With the pictures left out, write out exactly the lines of the listing below that run from the line with "This exceptional townhome" through the line with "こうした飛行会を初めて催した".

## Data in this exercise
———
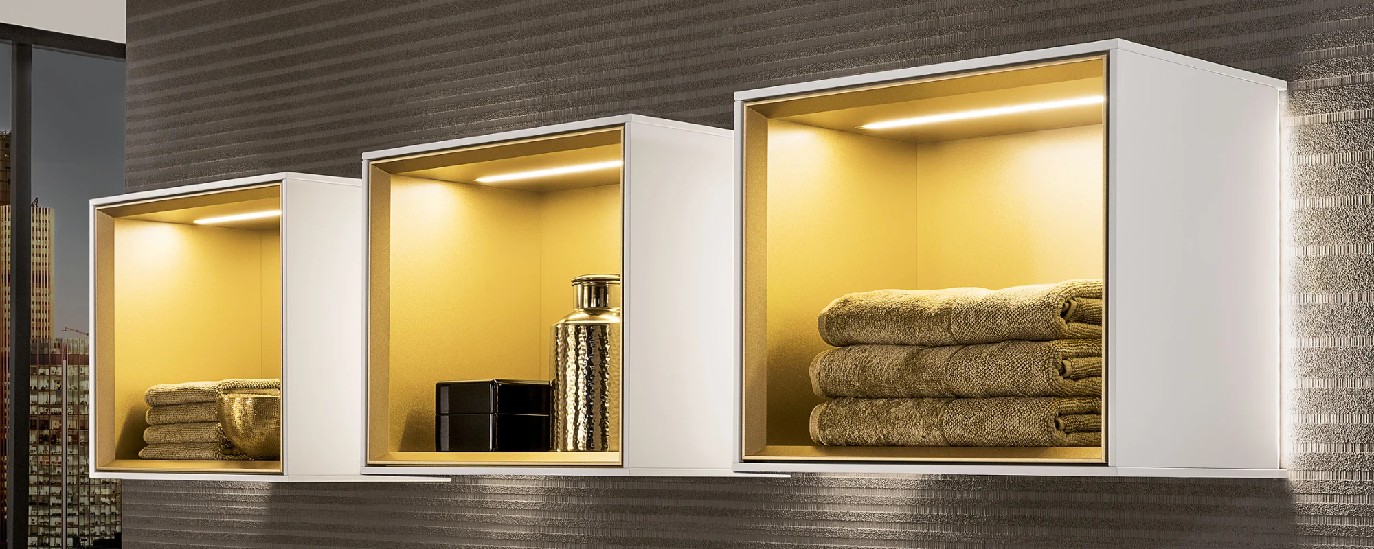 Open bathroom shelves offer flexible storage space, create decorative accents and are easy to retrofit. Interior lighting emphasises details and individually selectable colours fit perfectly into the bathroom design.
———
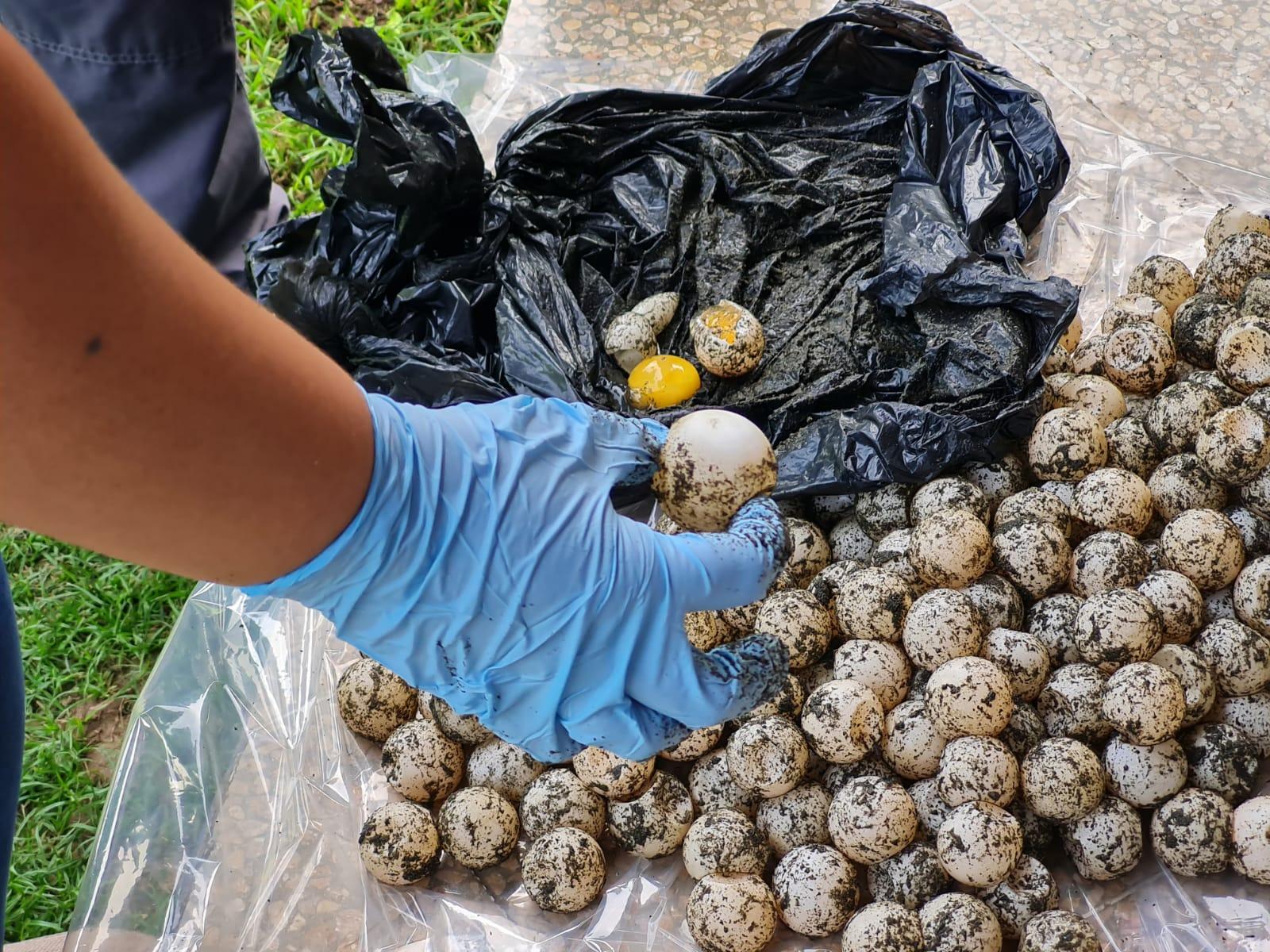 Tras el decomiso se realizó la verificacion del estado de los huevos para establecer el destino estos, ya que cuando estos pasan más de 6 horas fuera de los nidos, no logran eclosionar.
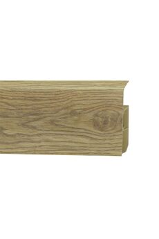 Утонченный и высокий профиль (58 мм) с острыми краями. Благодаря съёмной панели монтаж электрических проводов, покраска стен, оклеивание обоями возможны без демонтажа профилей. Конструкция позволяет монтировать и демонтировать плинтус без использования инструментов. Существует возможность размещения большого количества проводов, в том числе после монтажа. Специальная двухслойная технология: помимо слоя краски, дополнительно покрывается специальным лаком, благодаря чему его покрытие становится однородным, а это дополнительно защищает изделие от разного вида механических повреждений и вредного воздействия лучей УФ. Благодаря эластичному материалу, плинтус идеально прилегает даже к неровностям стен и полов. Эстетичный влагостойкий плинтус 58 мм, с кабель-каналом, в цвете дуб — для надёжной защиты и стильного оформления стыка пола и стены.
———
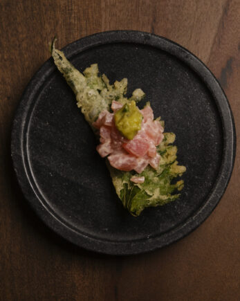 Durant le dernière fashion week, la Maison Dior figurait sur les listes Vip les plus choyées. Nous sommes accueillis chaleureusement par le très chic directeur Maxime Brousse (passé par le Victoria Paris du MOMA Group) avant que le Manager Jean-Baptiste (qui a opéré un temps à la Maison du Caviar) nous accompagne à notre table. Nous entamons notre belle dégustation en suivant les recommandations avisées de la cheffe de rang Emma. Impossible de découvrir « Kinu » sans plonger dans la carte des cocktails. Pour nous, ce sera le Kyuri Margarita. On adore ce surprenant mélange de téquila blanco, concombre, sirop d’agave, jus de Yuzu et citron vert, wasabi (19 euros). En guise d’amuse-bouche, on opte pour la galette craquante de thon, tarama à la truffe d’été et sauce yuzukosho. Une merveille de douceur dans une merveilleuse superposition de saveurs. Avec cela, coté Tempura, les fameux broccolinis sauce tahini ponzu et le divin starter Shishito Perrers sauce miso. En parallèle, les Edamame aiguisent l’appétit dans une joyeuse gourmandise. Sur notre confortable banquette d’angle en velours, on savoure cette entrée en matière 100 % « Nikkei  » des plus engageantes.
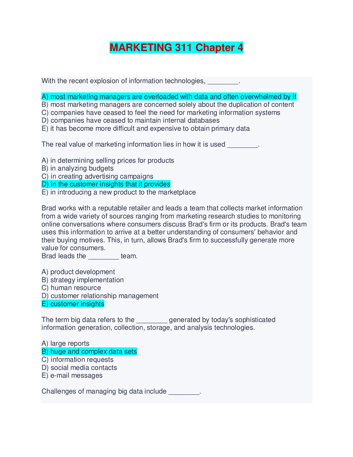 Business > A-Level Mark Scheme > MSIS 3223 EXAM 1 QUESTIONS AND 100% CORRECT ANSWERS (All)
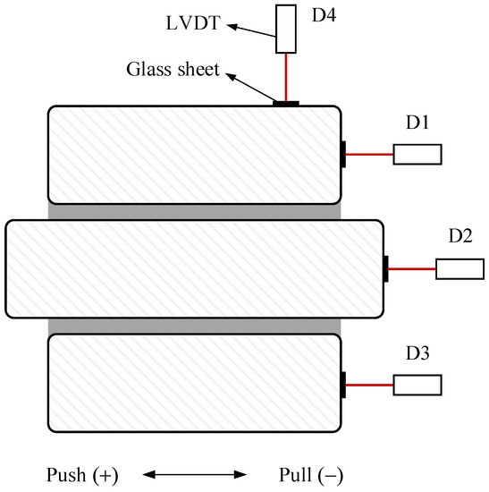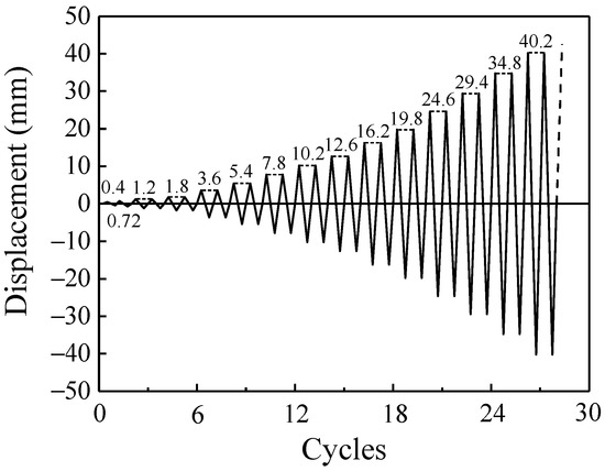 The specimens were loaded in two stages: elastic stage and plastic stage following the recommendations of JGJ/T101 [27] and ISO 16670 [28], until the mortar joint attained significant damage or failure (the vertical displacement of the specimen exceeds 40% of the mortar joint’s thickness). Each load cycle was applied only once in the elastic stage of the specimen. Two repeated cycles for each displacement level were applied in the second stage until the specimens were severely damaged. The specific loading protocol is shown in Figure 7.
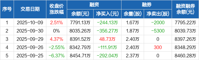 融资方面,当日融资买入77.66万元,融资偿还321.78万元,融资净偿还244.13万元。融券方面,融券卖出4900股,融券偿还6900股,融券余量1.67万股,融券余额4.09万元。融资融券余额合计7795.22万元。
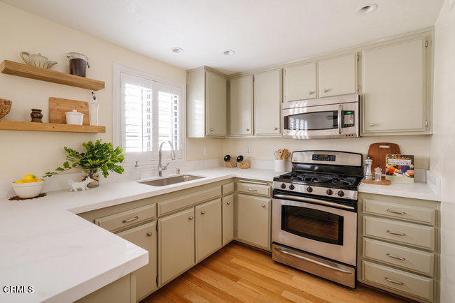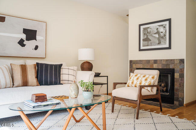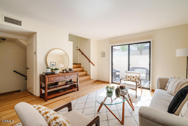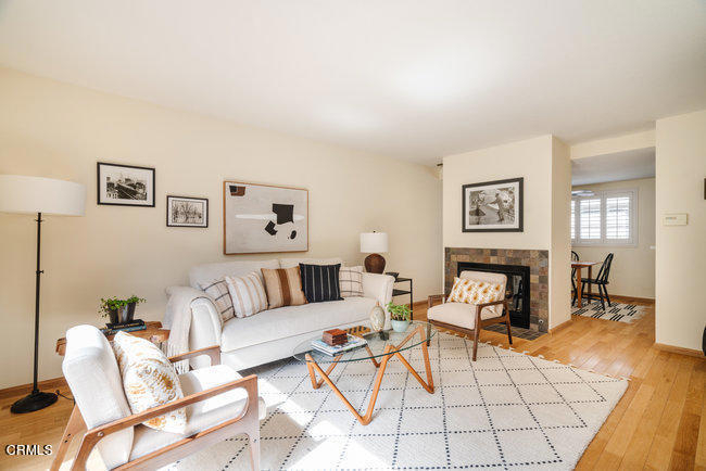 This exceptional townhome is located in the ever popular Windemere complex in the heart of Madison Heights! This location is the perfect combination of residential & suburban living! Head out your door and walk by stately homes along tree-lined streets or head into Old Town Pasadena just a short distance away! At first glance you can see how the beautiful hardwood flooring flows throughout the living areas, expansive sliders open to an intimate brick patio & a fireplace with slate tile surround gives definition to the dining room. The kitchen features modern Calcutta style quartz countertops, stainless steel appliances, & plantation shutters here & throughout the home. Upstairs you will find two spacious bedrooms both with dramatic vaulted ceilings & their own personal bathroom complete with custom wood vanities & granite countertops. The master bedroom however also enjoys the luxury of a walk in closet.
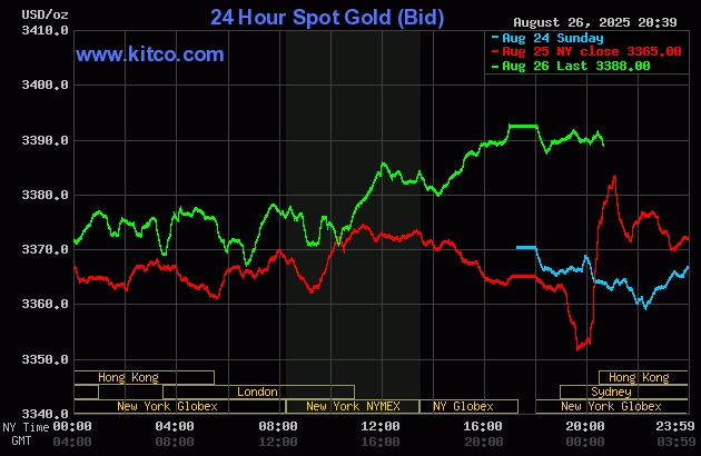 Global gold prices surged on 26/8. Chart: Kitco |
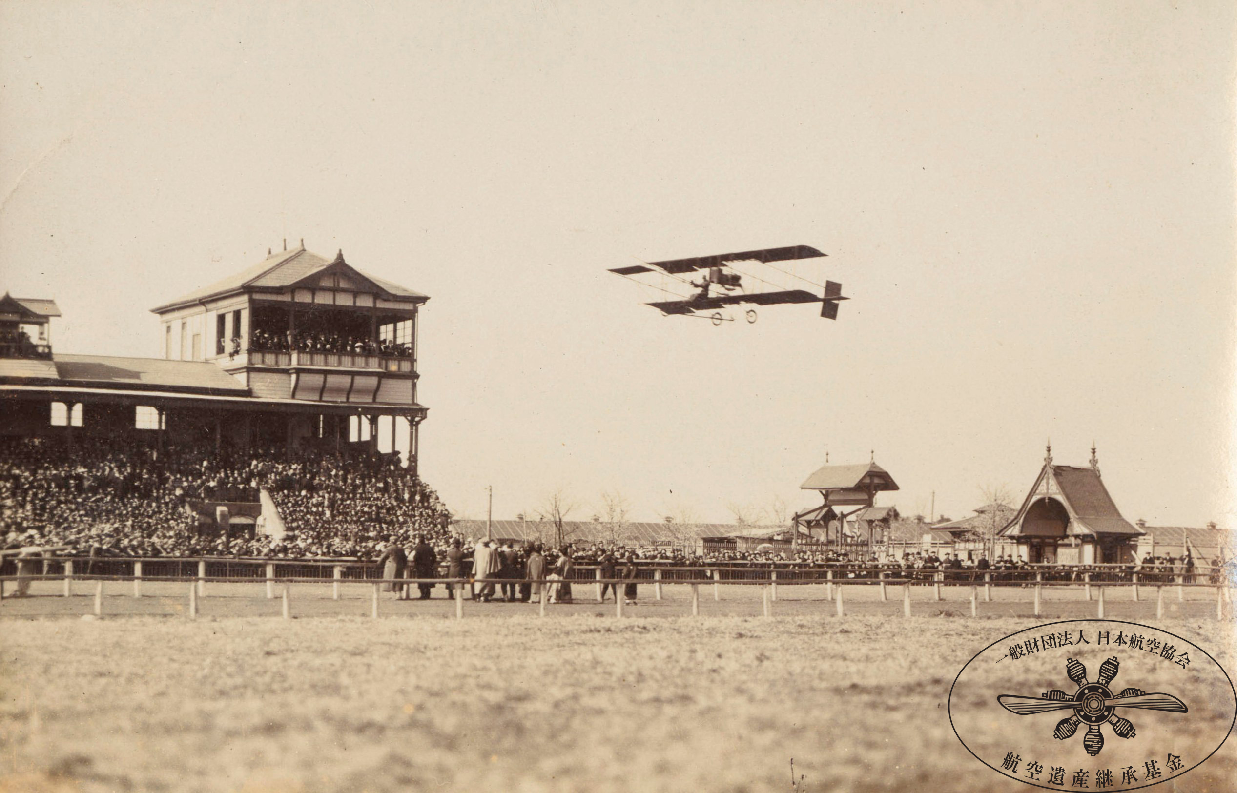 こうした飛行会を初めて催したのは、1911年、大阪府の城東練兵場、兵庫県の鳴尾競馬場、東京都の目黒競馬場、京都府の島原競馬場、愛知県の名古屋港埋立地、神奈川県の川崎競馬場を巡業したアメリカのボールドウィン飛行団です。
———
## Expected answer
 This exceptional townhome is located in the ever popular Windemere complex in the heart of Madison Heights! This location is the perfect combination of residential & suburban living! Head out your door and walk by stately homes along tree-lined streets or head into Old Town Pasadena just a short distance away! At first glance you can see how the beautiful hardwood flooring flows throughout the living areas, expansive sliders open to an intimate brick patio & a fireplace with slate tile surround gives definition to the dining room. The kitchen features modern Calcutta style quartz countertops, stainless steel appliances, & plantation shutters here & throughout the home. Upstairs you will find two spacious bedrooms both with dramatic vaulted ceilings & their own personal bathroom complete with custom wood vanities & granite countertops. The master bedroom however also enjoys the luxury of a walk in closet.
 Global gold prices surged on 26/8. Chart: Kitco |
 こうした飛行会を初めて催したのは、1911年、大阪府の城東練兵場、兵庫県の鳴尾競馬場、東京都の目黒競馬場、京都府の島原競馬場、愛知県の名古屋港埋立地、神奈川県の川崎競馬場を巡業したアメリカのボールドウィン飛行団です。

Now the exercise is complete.